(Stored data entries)
◇ ◇ ◇

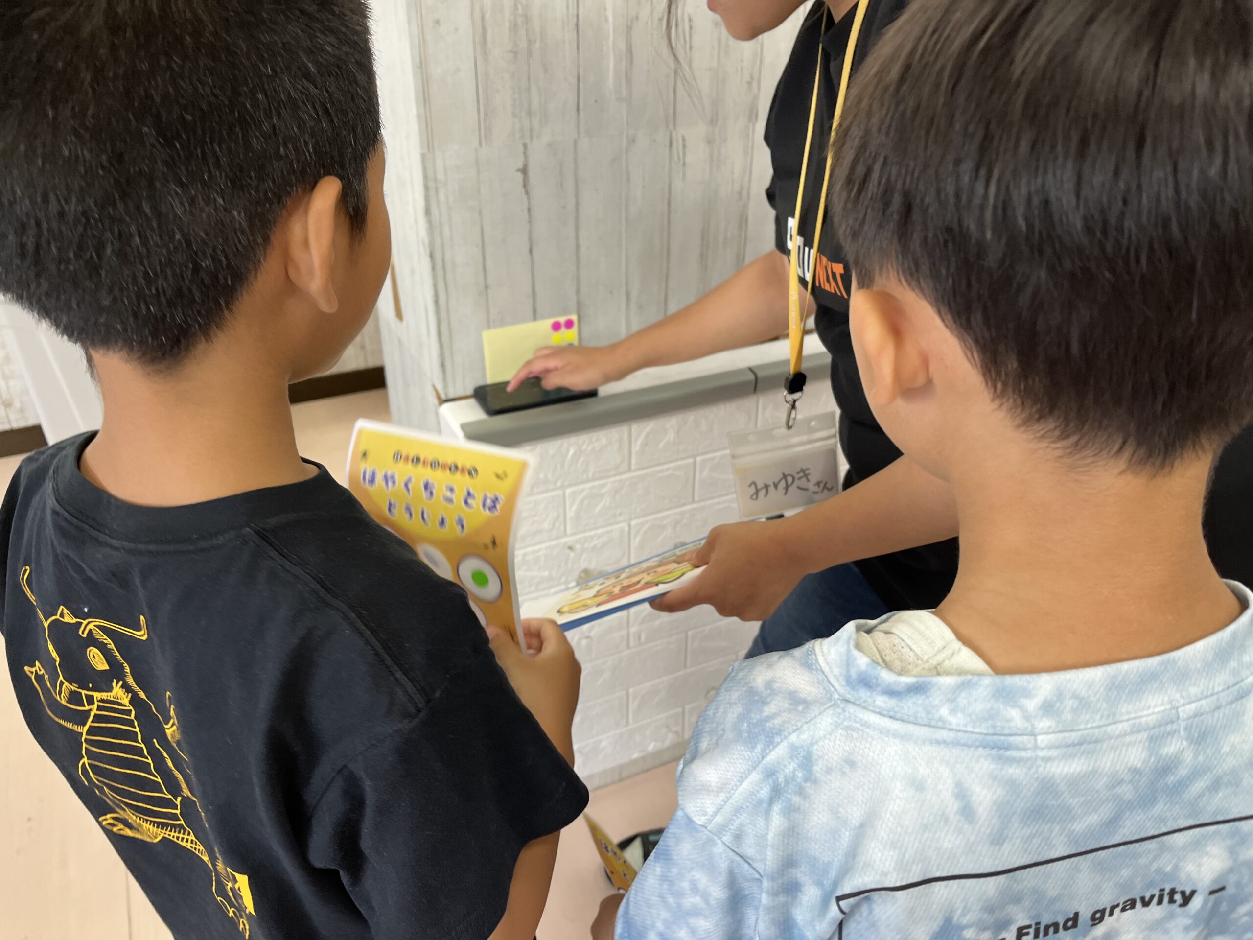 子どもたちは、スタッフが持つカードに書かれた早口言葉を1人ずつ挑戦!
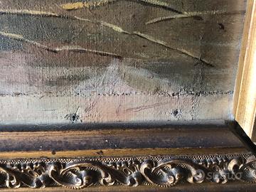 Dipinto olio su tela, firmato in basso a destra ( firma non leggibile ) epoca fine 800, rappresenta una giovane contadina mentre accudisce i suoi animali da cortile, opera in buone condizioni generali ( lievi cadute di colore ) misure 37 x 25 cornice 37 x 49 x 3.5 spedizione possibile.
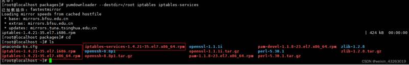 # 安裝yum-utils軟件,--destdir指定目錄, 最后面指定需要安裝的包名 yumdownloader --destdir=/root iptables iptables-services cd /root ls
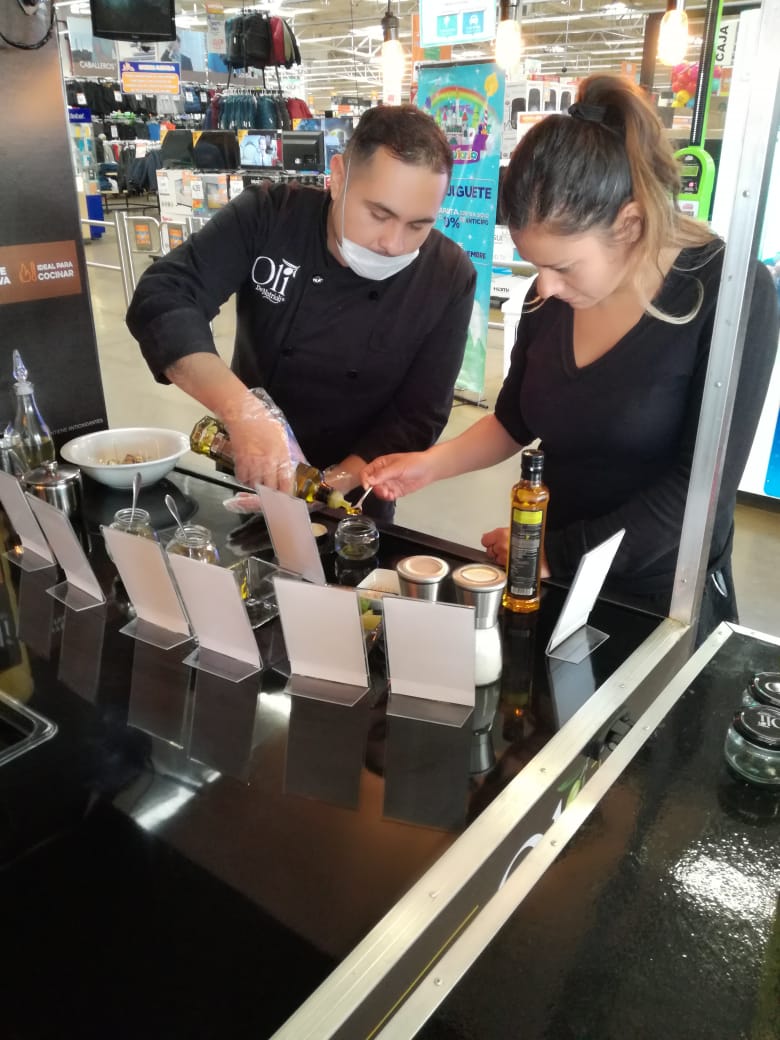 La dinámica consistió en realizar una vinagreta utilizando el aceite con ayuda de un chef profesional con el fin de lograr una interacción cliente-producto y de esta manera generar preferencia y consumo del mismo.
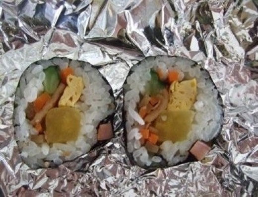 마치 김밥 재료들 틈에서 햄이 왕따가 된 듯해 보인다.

◇ ◇ ◇

Before printing anything, remove the pictures; then print all the records exactly.

 子どもたちは、スタッフが持つカードに書かれた早口言葉を1人ずつ挑戦!
 Dipinto olio su tela, firmato in basso a destra ( firma non leggibile ) epoca fine 800, rappresenta una giovane contadina mentre accudisce i suoi animali da cortile, opera in buone condizioni generali ( lievi cadute di colore ) misure 37 x 25 cornice 37 x 49 x 3.5 spedizione possibile.
 # 安裝yum-utils軟件,--destdir指定目錄, 最后面指定需要安裝的包名 yumdownloader --destdir=/root iptables iptables-services cd /root ls
 La dinámica consistió en realizar una vinagreta utilizando el aceite con ayuda de un chef profesional con el fin de lograr una interacción cliente-producto y de esta manera generar preferencia y consumo del mismo.
 마치 김밥 재료들 틈에서 햄이 왕따가 된 듯해 보인다.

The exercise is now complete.